Disorder in quantum many-body systems can both hinder and enable novel quantum phenomena, affecting phase stability and leading to unique phases like many-body localization and quantum Griffiths phases.

Contribution

This review clarifies how different types of disorder influence phase stability and the nature of quantum phase transitions in many-body systems.

Findings

Disorder can destabilize symmetry-broken phases.

Quantum Griffiths phases emerge near disordered quantum critical points.

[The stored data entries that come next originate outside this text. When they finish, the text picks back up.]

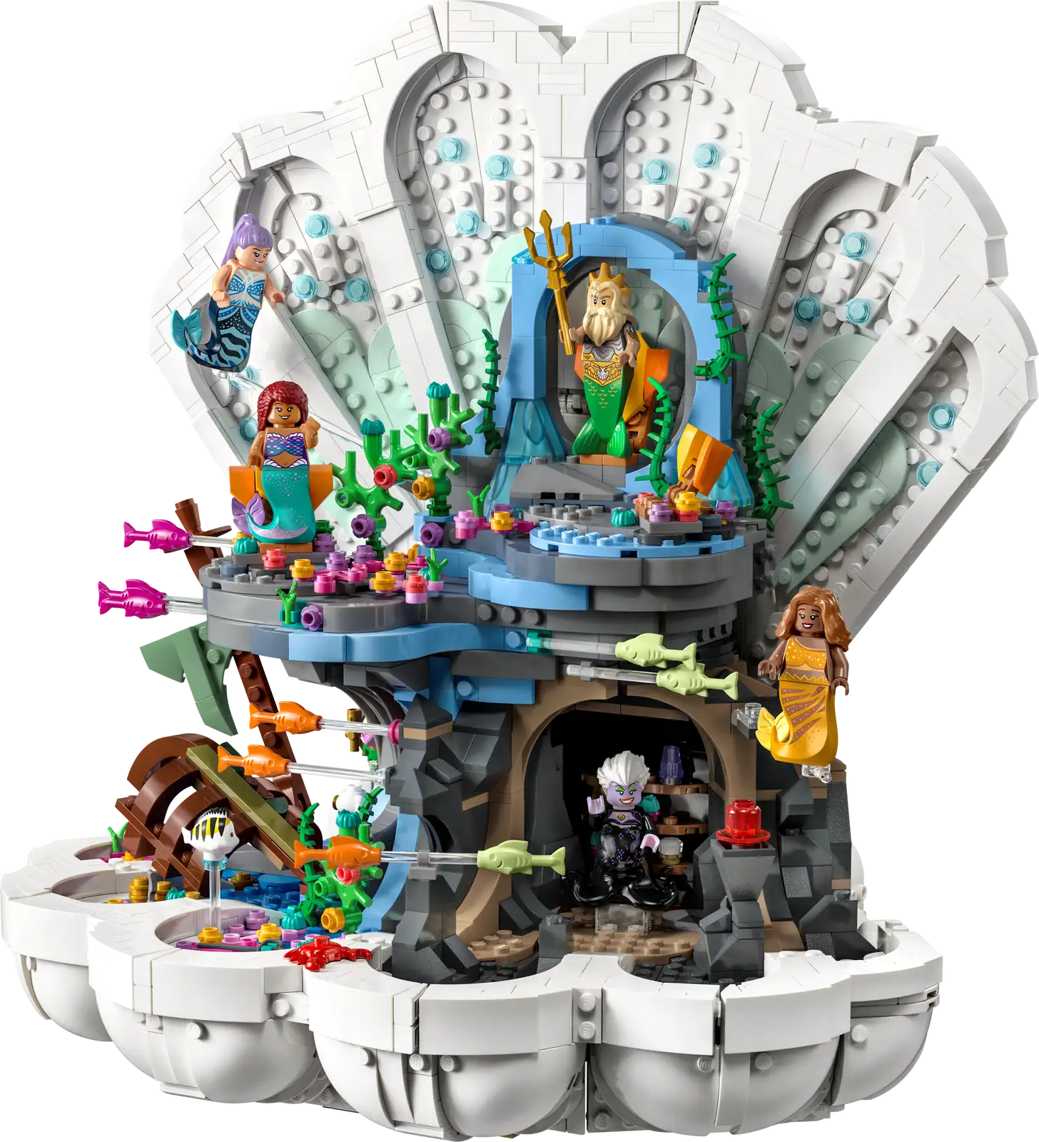 Share your love of Disney’s The Little Mermaid with this LEGO® | Disney The Little Mermaid Royal Clam Shell (43225) set. Based on the upcoming live-action The Little Mermaid film, this detailed, 1,808-piece set showcases 3 key areas: King Triton’s throne rock, Ariel’s hideout filled with treasures and Ursula’s mysterious cave – all in a unique shell designed for display.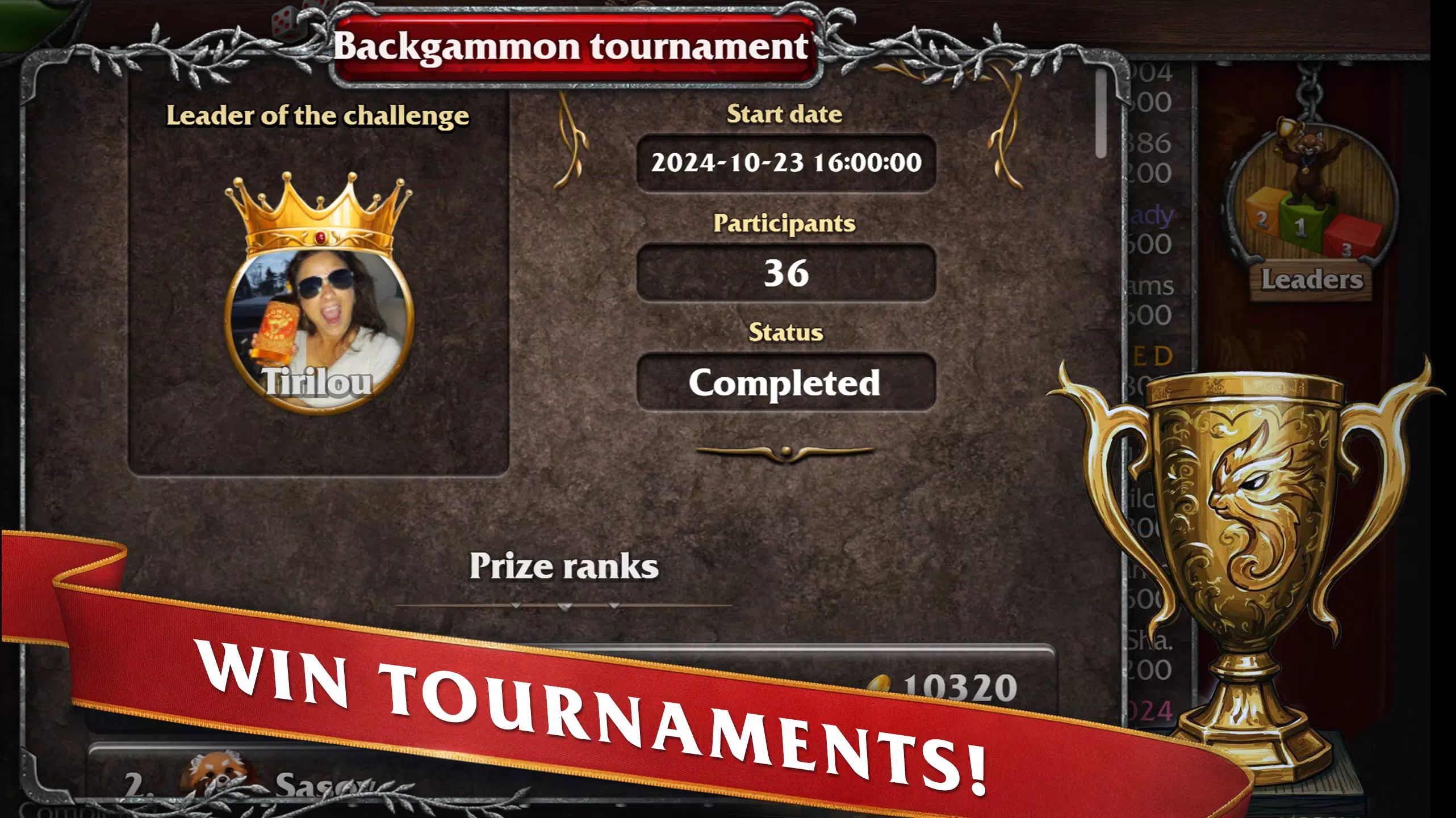 - Tägliche Turniere in Backgammon, Narde, Tavla und Nackgammon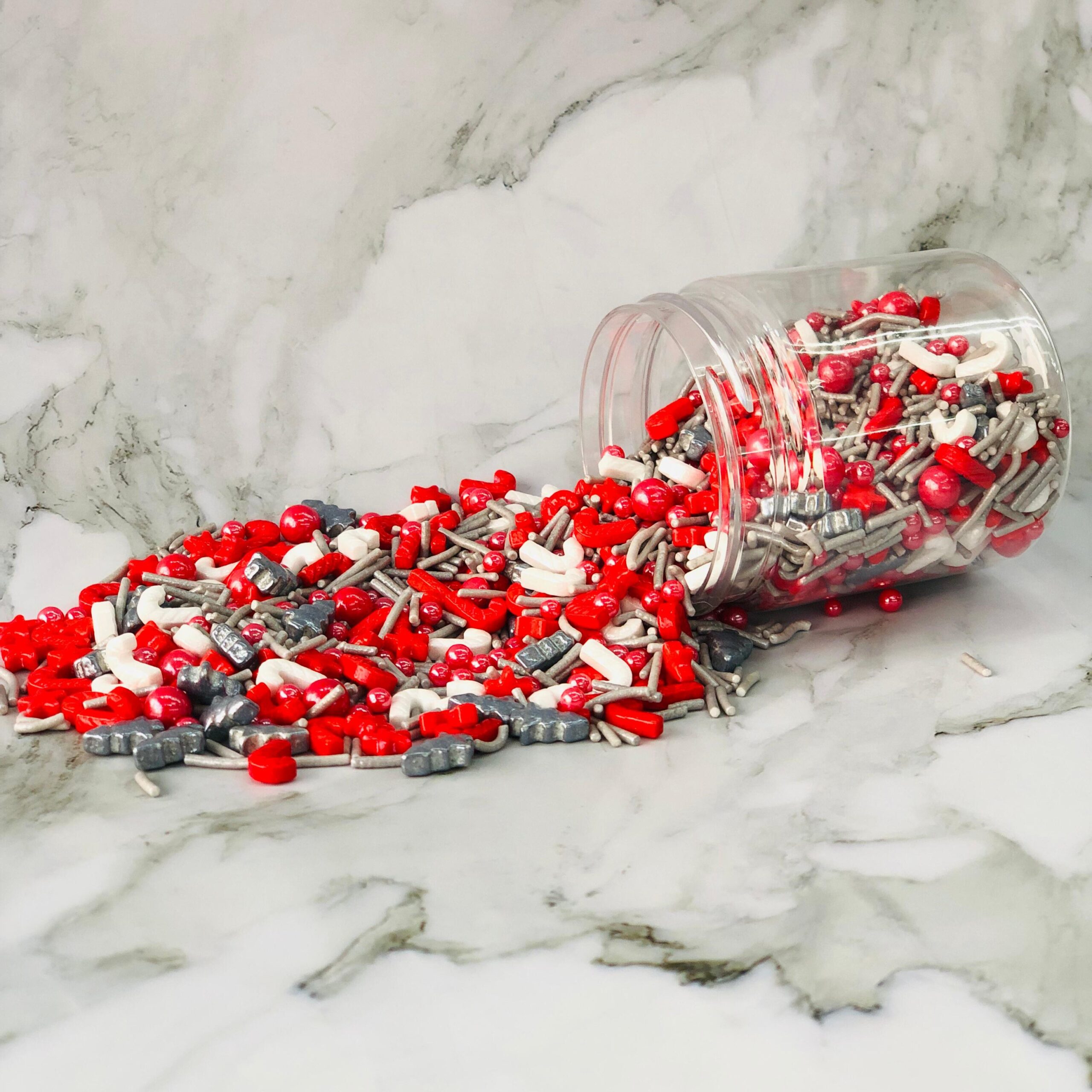 Mixed Sugar Sprinkles (Red Silver White Stars)- 50g رشات سكر مشكلة (نجوم بيضاء فضية حمراء) – 50 جرام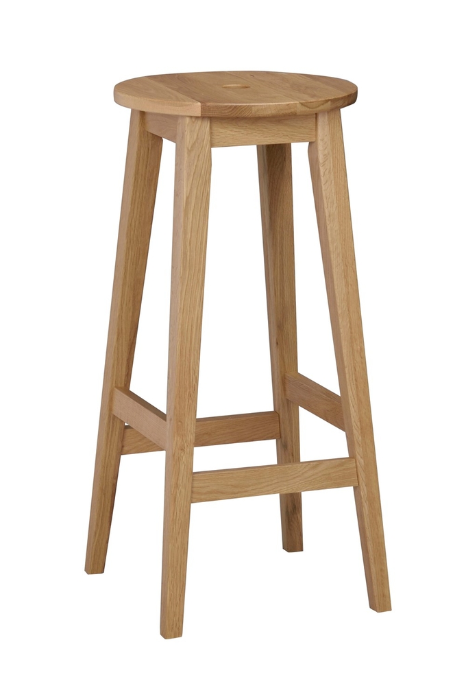 Tidløs krakk i massiv lakkert eik. Klassisk design i høyere modell med rundt sete. Funksjonelt hull i midten for enkel flytting. Krakken inngår i vår serie Confect.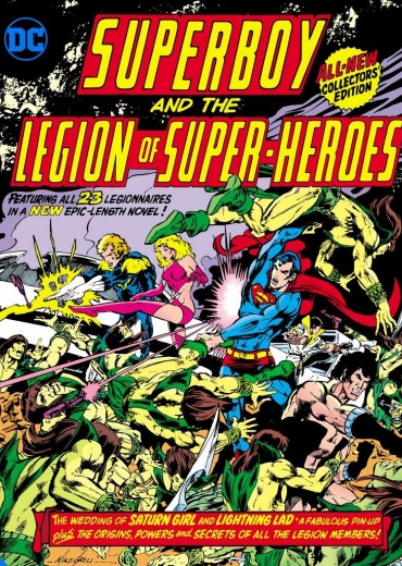 'This tabloid-size masterpiece reprints a classic Superboy and the Legion of Super-Heroes story at full size for the first time. Superboy arrives in the future for the wedding of Saturn Girl and Lightning Lad only to find a world totally different from the one he is used to visiting, but the Legionnaires insist it has always been that way. With Superboy unable to convince his teammates that something is wrong, the wedding proceeds as planned, only for the bride and groom to be kidnapped by the Lunarites. Convinced that the altering of history is the real issue, Superboy leads a team of Legionnaires back in time, while the rest of the group attempts to rescue the kidnapped couple. Can Superboy’s team correct the flow of time and save the future? Includes a two-page pinup of the entire Legion by Mike Grell and an eight-page feature containing information on each of the Legionnaires by Paul Levitz, illustrated by James Sherman and Jack Abel.'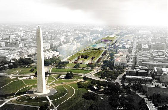This growth has led to exponential sprawl reaching outward into the neighboring states in search for suitable living spaces. The National Mall is one of the largest open spaces still in existence within Washington DC. Since its inception by Pierre LÃEnfant in 1791, a continual source of speculative design projects has aimed at creating a picturesque foreground for the federal edifices that surround it.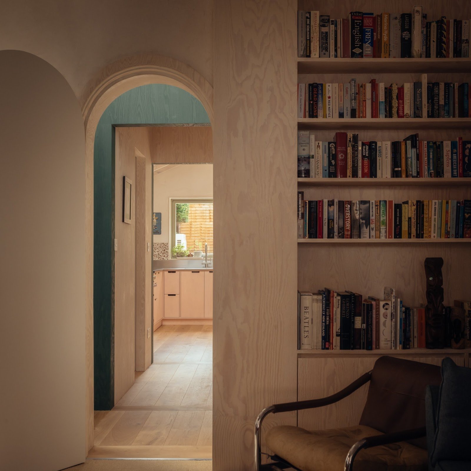 Thư viện nhỏ kết hợp vòm gỗ và ánh sáng tự nhiên, tạo không gian yên tĩnh để đọc và suy ngẫm
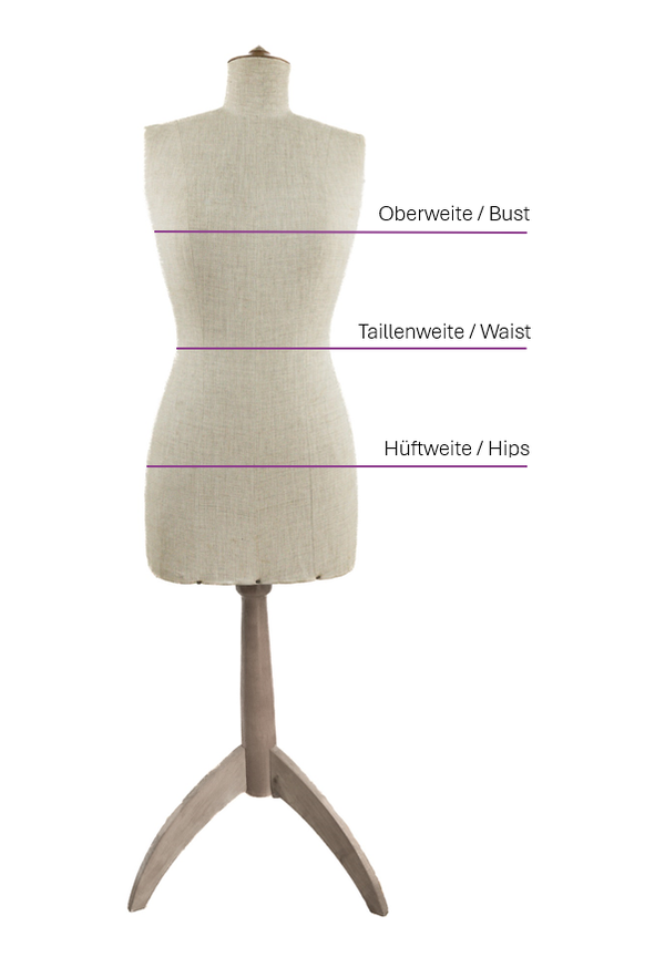 Ich fertige die Corsage genau nach Ihren Maßen an. Für die Schnitterstellung benötige ich daher Ihre Oberweite, Taillenweite, Hüftweite und Körpergröße. Wo diese Weiten genau gemessen werden, ist auf der Abbildung mit der Maßbüste ersichtlich.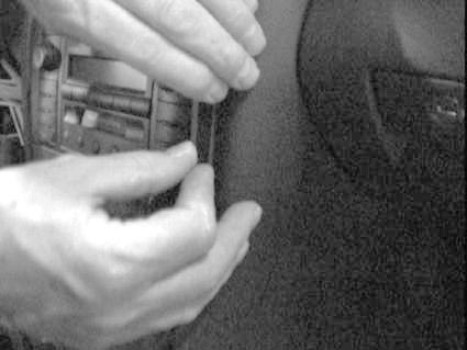 Pressa in den medsända springöppnaren i springan mellan kontrollpanelen och den omgivande ramen. Avlägsna tejpen på ProClip-hållarens monteringsdel.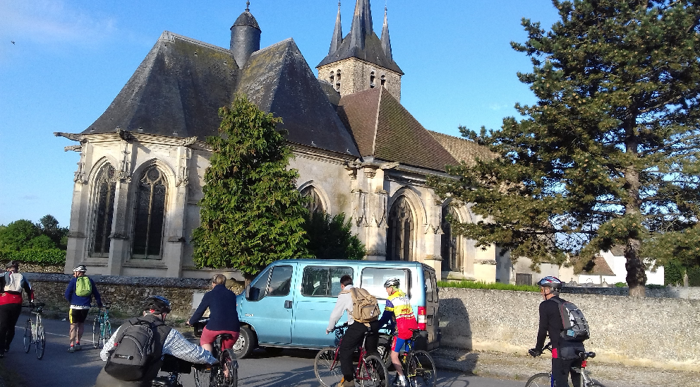 Samedi après-midi, voilà donc notre Steph' parti pour le fléchage des 42 km de balade à vélo, spécialité séculaire de l'UVO. Tout était fin prêt pour un départ de Richebourg à 8 heures pétantes le lendemain. Comme l'année dernière, offices et visites guidées des églises de notre canton alternèrent avec diverses manifestations culturelles, parmi lesquelles une exposition de peintures (Prunay-le-temple) ou un concert a capella (… à Orvilliers en fait !).
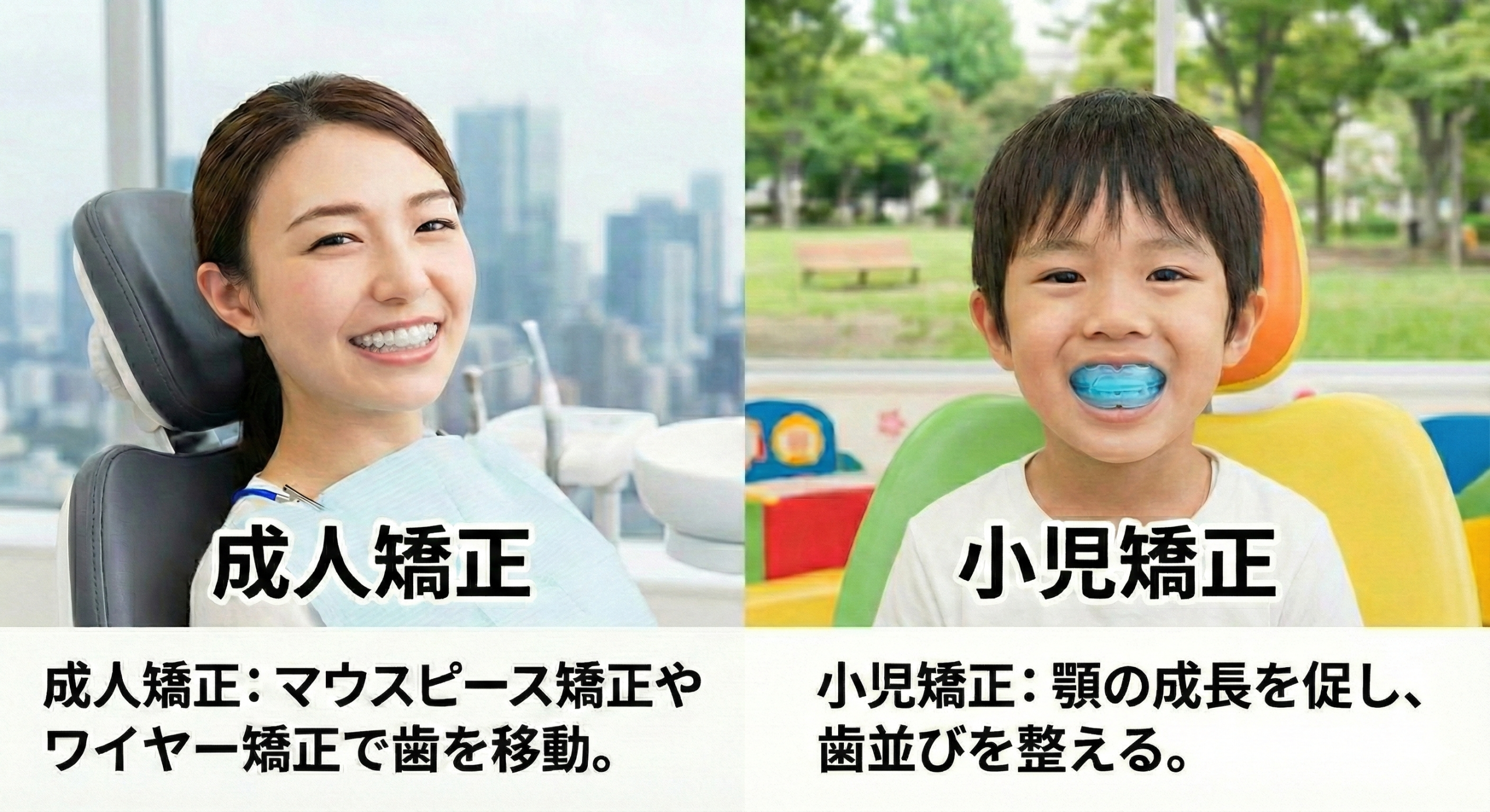 大人の矯正と子供の矯正の最大の違いは **「成長を利用できるかどうか」**です。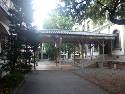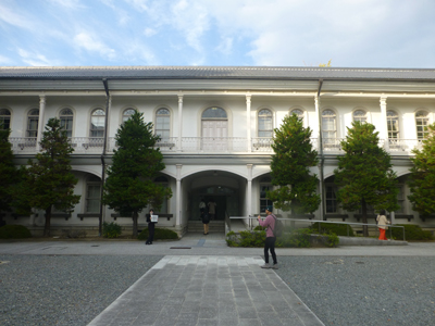 本館。1879年竣工。木造石張り建築で唯一現存という。 講堂や明治天皇が行幸で休息の貴賓室を見たが、内部は撮影禁止だった。 |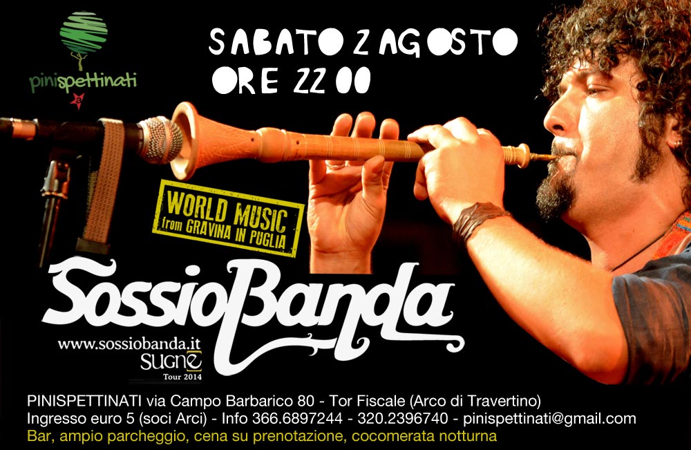 La Sossio Banda, da Gravina in Puglia, è una delle realtà più interessanti della World Music italiana. La loro musica parte da sonorità dell’Alta Murgia pugliese, terra d’origine del gruppo, contaminate da ritmi e influenze dell’area mediterranea attraverso l’utilizzo di strumenti tradizionali e contemporanei. Il repertorio comprende brani inediti e pezzi della tradizione pugliese rivisitati e riproposti in chiave World che danno alla banda un sound innovativo e ricco di contaminazioni, per uno spettacolo tutto da ballare. Il gruppo è composto da Francesco Sossio ai fiati, Loredana Savino alla voce, Pasquale Barberio, alla fisarmonica e Michele Marrulli alle percussioni.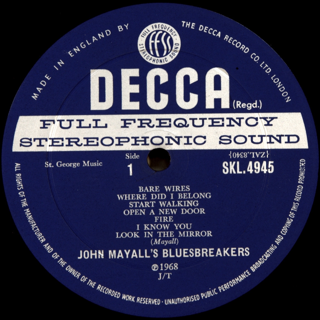 MAYALL'S JOHN BLUES BREAKERS-BAREWIRES-1968-ПЕРВЫЙ ПРЕСС UK-DECCA-SKL4945. Матрицы A-1W/B-1W. Очень редкий стерео оригинал британских блюзовых монстров. John Mayall & the Bluesbreakers были английской блюзовой рок- группой, возглавляемой певцом, композитором и мультиинструменталистом John Mayall, Самое большое наследие Bluesbreakers - это инкубатор для британских рок-музыкантов и блюзовых музыкантов. У многих из самых известных групп, появившихся в Великобритании в 1960-х и 1970-х годах, были участники, которые когда-то проходили через Bluesbreakers, формируя основу британской блюзовой музыки, Среди тех, кто работал в Bluesbreaker, Eric Clapton и Jack Bruce (Cream), Peter Green, Mick Fleetwood, and John McVie (Fleetwood Mac), Mick Taylor ( Rolling Stones), Aynsley Dunbar (Frank Zappa and The Mothers of Invention) и многие другие музыканты. Bare Wires являются студийным альбомом от Bluesbreakers Джона Mayall в , на обложке Mick Taylor на гитаре, выпущенный в 1968 году на Decca Records Альбом был последним студийным альбомом John Mayall & the Bluesbreakers . Альбом также ,был первым успешным американским альбомом Mayall, достигшим № 59 на Billboard 200 ..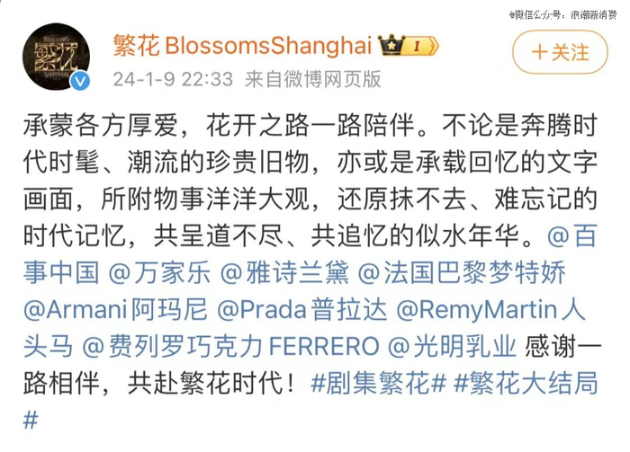 收官当日,10个相关话题登上微博热搜,其中,@繁花 官方连发四条微博感谢品牌商,#繁花 金主爸爸也顺势登上热搜,而网友们则评论称“这些赞助商有眼光”。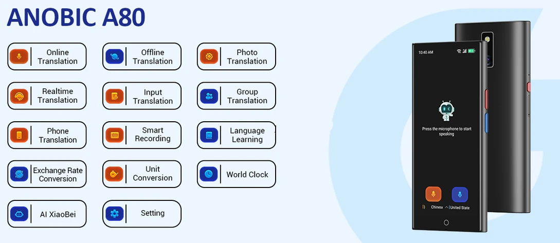 Anobic AI A80 je navržen tak, aby byl co nejvíce uživatelsky přívětivý. Jeho intuitivní ovládání umožňuje rychlé a bezproblémové používání, i pokud nejste technický odborník. Kompaktní design překladače navíc zajišťuje, že jej snadno přenesete v kapse nebo tašce, ať už cestujete kamkoliv.

Disorder effects depend on the type and strength of randomness.

Abstract

Impurities, defects, and other types of imperfections are ubiquitous in realistic quantum many-body systems and essentially unavoidable in solid state materials. Often, such random disorder is viewed purely negatively as it is believed to prevent interesting new quantum states of matter from forming and to smear out sharp features associated with the phase transitions between them. However, disorder is also responsible for a variety of interesting novel phenomena that do not have clean counterparts. These include Anderson localization of single particle wave functions, many-body localization in isolated many-body systems, exotic quantum critical points, and "glassy" ground state phases. This brief review focuses on two separate but related subtopics in this field. First, we review under what conditions different types of randomness affect the stability of symmetry-broken low-temperature phases in quantum many-body systems and the stability of the corresponding phase transitions. Second, we discuss the fate of quantum phase transitions that are destabilized by disorder as well as the unconventional quantum Griffiths phases that emerge in their vicinity.